The reciprocal of a linear function and a quadratic function have the same horizontal asymptote.what is its equation?

You talk about two functions, yet ask about "its" equation.

Better clarify just what it is you want.

this is the question my teacher ask for me to do it.... help me someone

To find the equation of a reciprocal function, we need to know the equations of the original linear and quadratic functions. Let's assume the linear function is y = mx + b and the quadratic function is y = ax^2 + bx + c.
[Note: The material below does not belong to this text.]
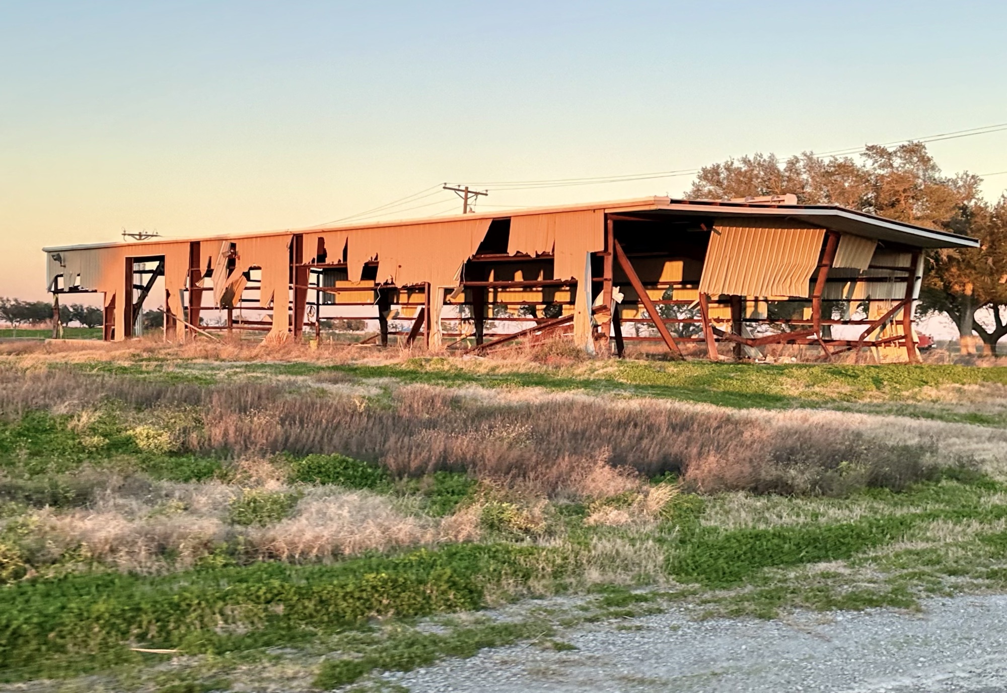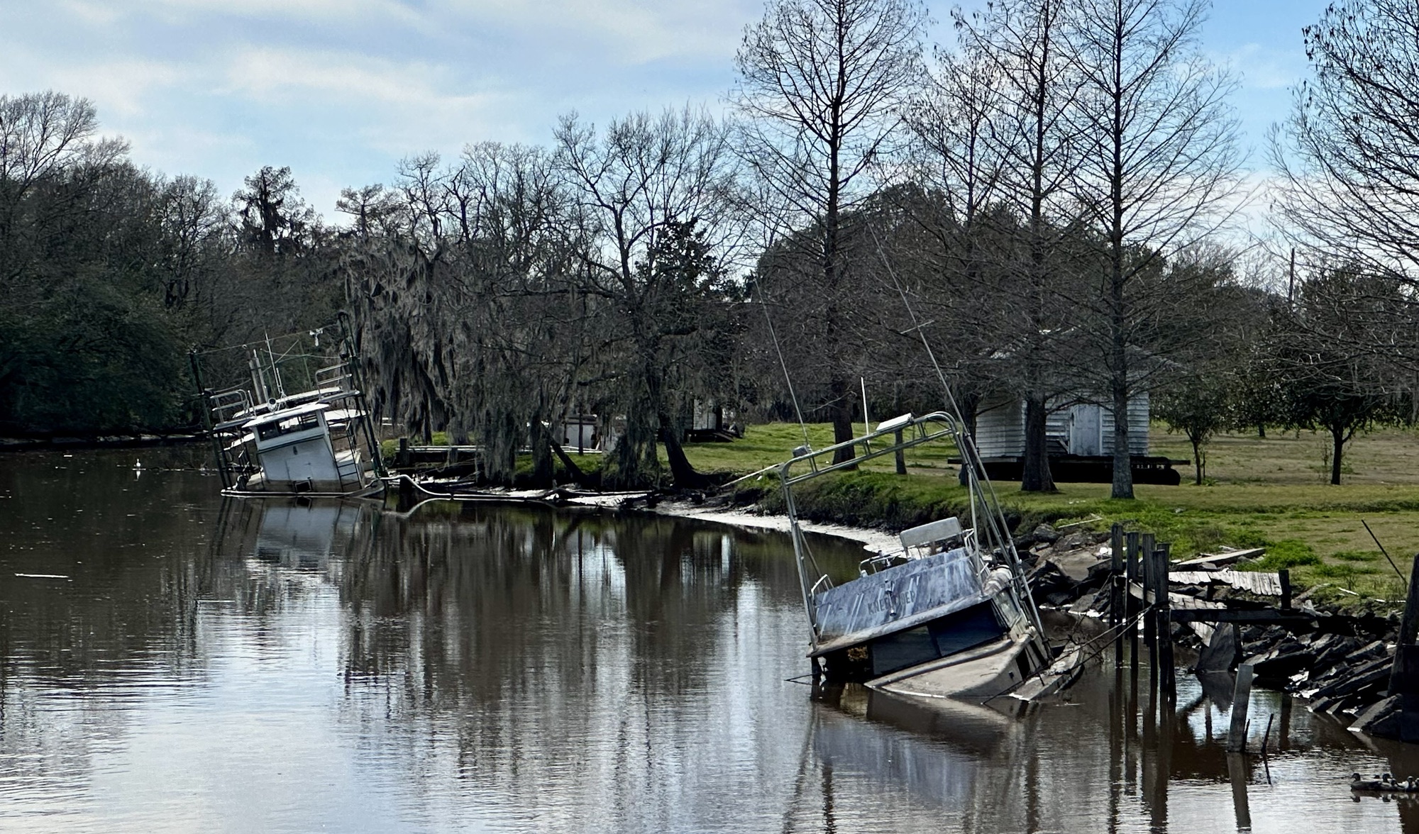 Hard to comprehend, we found ourselves passing lost communities on a coastal road through the marshes (Oak Grove Hwy 82.) Too many to count, concrete slabs with nothing remaining, roofs of houses in fields, a lone post box or chimney stack where there once was a home. That’s the devastation of 2020 hurricanes Laura and Delta making landfall at South Cameron, creating 18ft storm surges and high winds. (aerial pic internet) The community was lost, from c 3000 to c 350 now, libraries, schools, business, gone. Many people never returned, those who did often had no choice and now live in RV’s and trailers, ready to hitch up and leave should the warnings come.

The reciprocal of a function is found by taking the reciprocal of the dependent variable (y). So, the reciprocal of y = mx + b is 1/(mx + b), and the reciprocal of y = ax^2 + bx + c is 1/(ax^2 + bx + c).

For these two reciprocals to have the same horizontal asymptote, the degrees of the numerator and denominator must be the same. Since the numerator is always 1, the denominator must also have a degree of 1.

Therefore, to find the equation, we need to set the degree of the denominator to 1 for both functions. Since the linear function already has a degree of 1, we only need to make the quadratic function have a degree of 1.

We can achieve this by factoring out an x from the quadratic equation. Suppose the quadratic function can be factored as y = a(x - r)(x - s), where r and s are the roots of the quadratic equation.

Now, the equation becomes y = a(x - r)(x - s), and the reciprocal is 1/(a(x - r)(x - s)).

To have the same horizontal asymptote, the factor a(x - r)(x - s) should not have any x-term(s) with a higher degree. Therefore, for the quadratic equation to have a degree of 1, the roots r and s must be the same, representing a single repeated root.

By setting r = s, we can rewrite the equation as y = a(x - r)^2.

Now, the reciprocal becomes 1/(a(x - r)^2), which has a horizontal asymptote at y = 0.

Therefore, the equation of the reciprocal function with the same horizontal asymptote is 1/(a(x - r)^2).